**Task objective:** Select, from the material below, each line with "displayed" in it.

===== Records provided =====

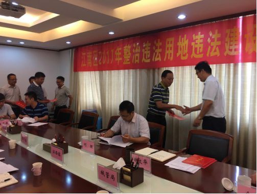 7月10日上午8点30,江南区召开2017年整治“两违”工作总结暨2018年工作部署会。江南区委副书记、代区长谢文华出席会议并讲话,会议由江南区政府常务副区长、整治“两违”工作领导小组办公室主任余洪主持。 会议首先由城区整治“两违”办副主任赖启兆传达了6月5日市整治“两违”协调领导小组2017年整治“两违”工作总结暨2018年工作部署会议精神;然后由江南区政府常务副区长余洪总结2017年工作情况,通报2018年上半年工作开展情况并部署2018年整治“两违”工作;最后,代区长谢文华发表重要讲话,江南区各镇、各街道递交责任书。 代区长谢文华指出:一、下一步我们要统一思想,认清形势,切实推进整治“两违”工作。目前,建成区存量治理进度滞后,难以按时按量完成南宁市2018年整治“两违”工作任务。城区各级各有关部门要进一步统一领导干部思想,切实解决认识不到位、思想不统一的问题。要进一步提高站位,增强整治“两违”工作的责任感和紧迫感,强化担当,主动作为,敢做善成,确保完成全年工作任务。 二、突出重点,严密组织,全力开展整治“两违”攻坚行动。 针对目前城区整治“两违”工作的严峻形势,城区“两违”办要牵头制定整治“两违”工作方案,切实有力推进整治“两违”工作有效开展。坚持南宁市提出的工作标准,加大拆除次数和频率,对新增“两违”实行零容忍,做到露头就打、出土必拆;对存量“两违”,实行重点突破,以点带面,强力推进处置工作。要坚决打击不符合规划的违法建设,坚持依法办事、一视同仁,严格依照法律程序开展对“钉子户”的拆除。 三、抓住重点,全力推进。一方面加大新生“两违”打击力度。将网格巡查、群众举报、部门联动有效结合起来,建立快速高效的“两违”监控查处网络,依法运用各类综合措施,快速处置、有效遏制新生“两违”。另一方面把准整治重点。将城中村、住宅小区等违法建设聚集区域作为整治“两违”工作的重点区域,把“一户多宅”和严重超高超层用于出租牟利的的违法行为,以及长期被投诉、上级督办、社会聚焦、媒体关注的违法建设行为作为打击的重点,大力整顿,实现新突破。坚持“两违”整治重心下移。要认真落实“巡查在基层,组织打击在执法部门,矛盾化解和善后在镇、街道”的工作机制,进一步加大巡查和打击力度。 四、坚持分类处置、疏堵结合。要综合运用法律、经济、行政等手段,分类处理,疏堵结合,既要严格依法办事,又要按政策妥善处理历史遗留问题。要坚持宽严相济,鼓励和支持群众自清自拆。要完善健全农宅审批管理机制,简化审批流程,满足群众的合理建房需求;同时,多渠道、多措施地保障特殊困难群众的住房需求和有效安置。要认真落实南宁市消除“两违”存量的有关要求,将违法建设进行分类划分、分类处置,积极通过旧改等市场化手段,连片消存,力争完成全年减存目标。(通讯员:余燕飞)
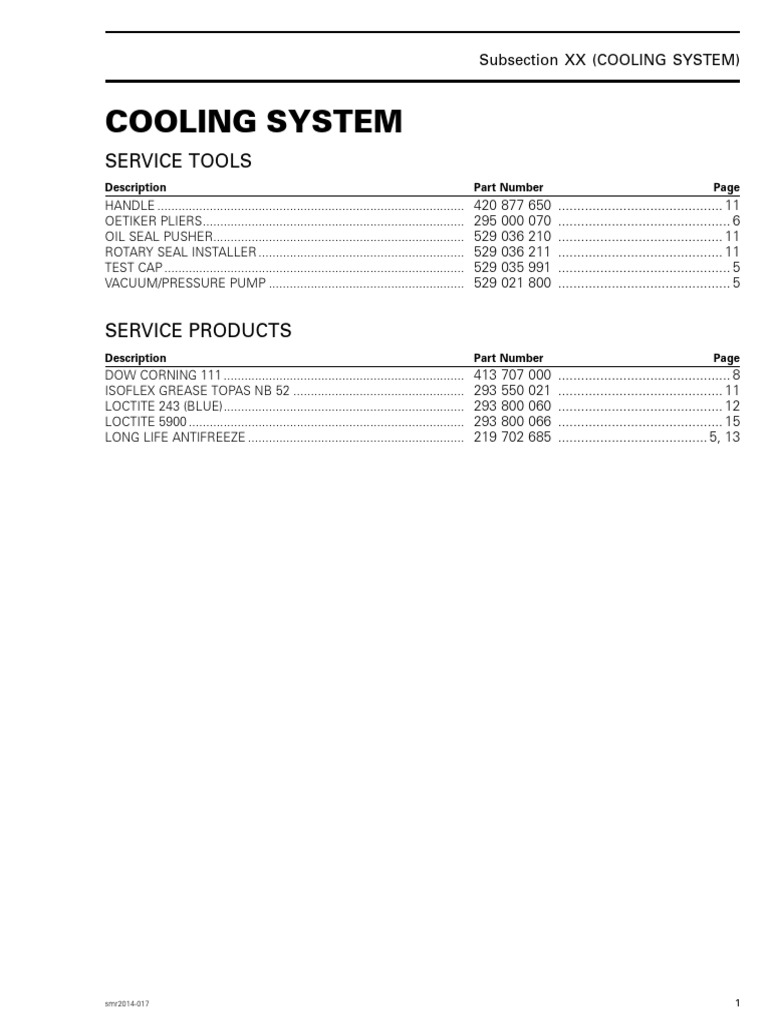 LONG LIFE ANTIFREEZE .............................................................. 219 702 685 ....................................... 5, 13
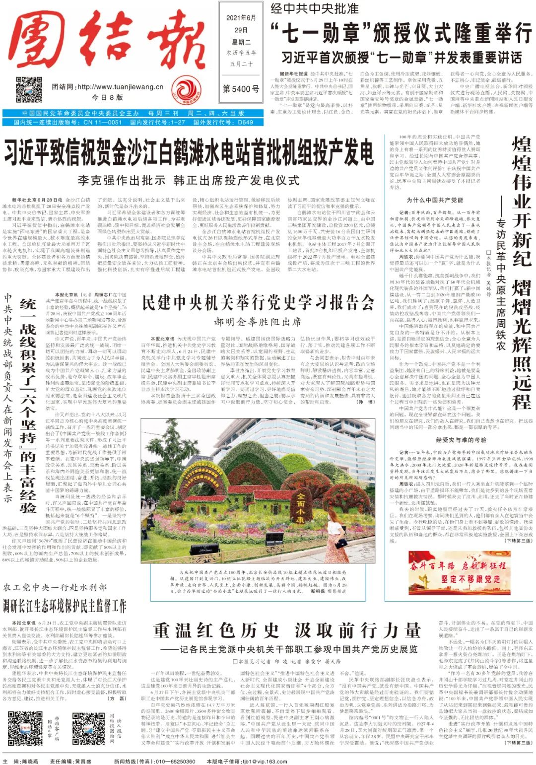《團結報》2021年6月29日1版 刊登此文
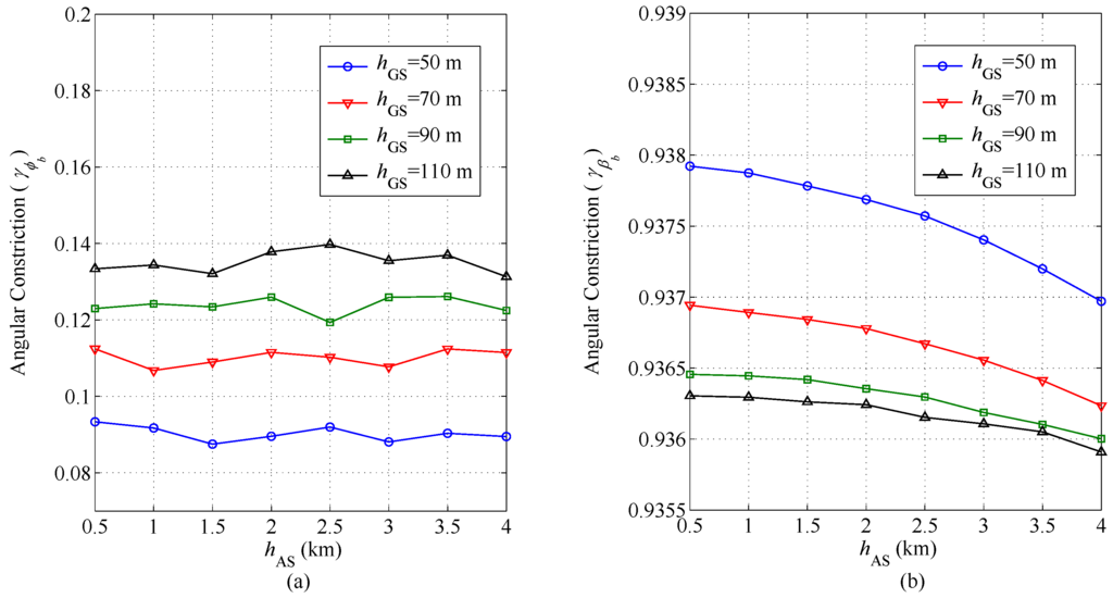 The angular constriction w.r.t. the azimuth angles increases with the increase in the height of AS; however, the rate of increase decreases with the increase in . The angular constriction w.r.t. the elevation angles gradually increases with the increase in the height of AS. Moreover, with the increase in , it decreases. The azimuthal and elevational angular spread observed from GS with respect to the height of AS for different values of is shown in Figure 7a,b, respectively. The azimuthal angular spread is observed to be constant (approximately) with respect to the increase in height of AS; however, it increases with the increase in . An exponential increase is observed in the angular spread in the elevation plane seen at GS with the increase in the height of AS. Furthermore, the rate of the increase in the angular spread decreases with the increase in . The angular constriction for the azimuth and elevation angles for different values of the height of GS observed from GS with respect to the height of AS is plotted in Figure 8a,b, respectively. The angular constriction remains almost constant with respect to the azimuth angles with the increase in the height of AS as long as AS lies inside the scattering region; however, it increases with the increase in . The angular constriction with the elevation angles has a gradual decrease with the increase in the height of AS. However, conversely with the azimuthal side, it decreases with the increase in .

=====
===== Records provided =====

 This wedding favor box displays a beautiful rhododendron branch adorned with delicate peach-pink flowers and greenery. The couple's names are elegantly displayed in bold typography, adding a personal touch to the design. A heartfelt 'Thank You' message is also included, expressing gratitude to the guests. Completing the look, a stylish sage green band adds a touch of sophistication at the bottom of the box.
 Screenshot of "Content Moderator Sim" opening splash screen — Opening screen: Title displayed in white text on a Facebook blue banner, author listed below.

=====
===== Records provided =====

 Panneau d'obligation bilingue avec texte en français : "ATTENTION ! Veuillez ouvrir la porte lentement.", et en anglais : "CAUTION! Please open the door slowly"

=====

**Your response:**
 This wedding favor box displays a beautiful rhododendron branch adorned with delicate peach-pink flowers and greenery. The couple's names are elegantly displayed in bold typography, adding a personal touch to the design. A heartfelt 'Thank You' message is also included, expressing gratitude to the guests. Completing the look, a stylish sage green band adds a touch of sophistication at the bottom of the box.
 Screenshot of "Content Moderator Sim" opening splash screen — Opening screen: Title displayed in white text on a Facebook blue banner, author listed below.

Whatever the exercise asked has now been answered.